Course Creator and Instructor
In the 21st century, embedded systems are the systems of future with cellular phones, smart-phones, tablets becoming the dominant platforms for computing and communication. The ubiquity of information and the associated need for the computation that accompanies it is driving this revolution only to be accelerated by the new paradigms such as the Internet-of-Things (IoT). These platforms are clearly very different in terms of their processing requirements which are very unique: real-time needs, high performance but at low energy, compact-code and data segments, and most importantly ever changing software stack. Such unique requirements have led to a complete redesign and reinvention of the both hardware and the software stack from ground up, for example, brand new processors such as ARM, DSPs, network processors were invented all the way up to new virtual machines such as Dalvik, new operating systems such as Android and new programming models and compiler optimizations.

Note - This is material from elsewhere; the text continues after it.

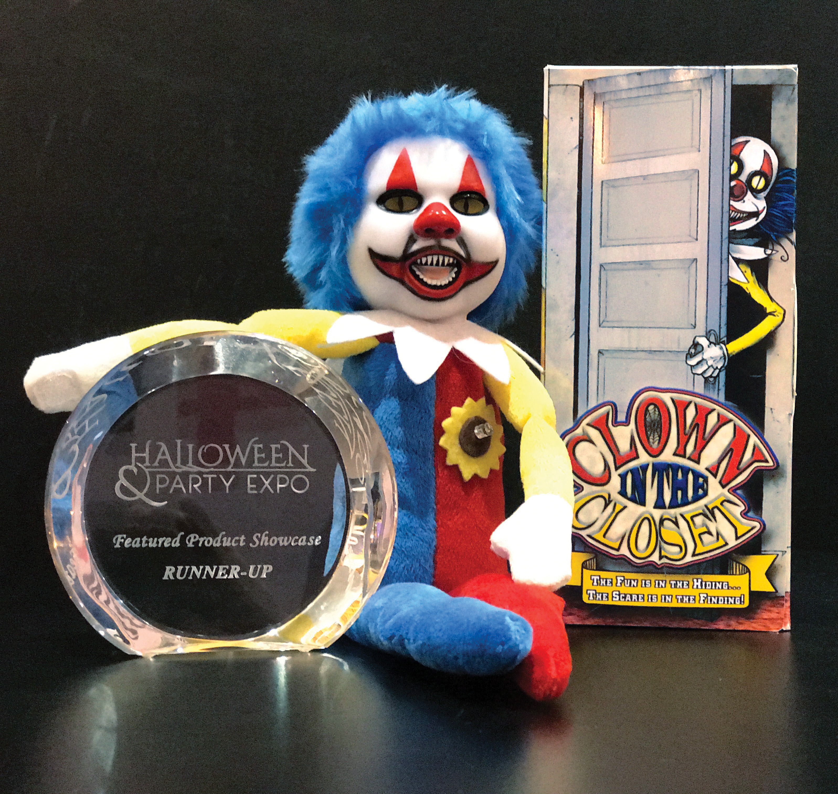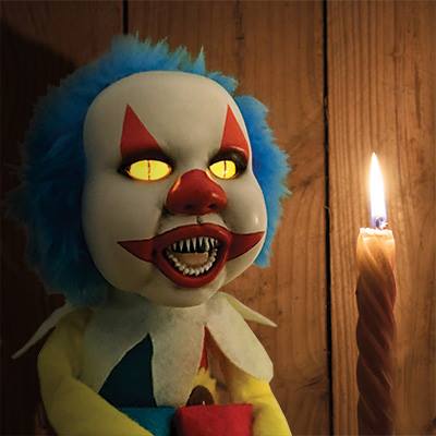 From the official press release: The Clown in the Closet is a 14-inch plush doll featuring flashing eyes and a sinister laugh triggered by a light-sensitive photocell. He is designed to be hidden anywhere it is dark – closet, cupboard, drawer, etc. – then startles the next person to find him with flashes of light and a scary laugh. That person then hides the Clown in a new location and the game continues.

The goal of this course is to take a holistic view of the embedded system stack with a focus on processor architectures, instruction sets and the associated advanced compiler optimizations that take advantage of the same. Following are the segments that will be covered in the course:
Part I: Embedded Processor Architectures
- 1. Introduction to instruction level parallelism: Pipelining, RISC vs CISC, Very Large Instruction Words (VLIW) instruction sets, Hardware complexity (Superscalars) vs Compiler Optimizations (VLIWs) Tradeoffs
- 2. Design of Instruction Set Architectures: VLIW encoding, Exposing vs Hiding Architectural Details, RISC vs CISC ISAs, Opportunities for compilers, Dependences and Independences, Instruction bundling for VLIW, Compact instruction representation.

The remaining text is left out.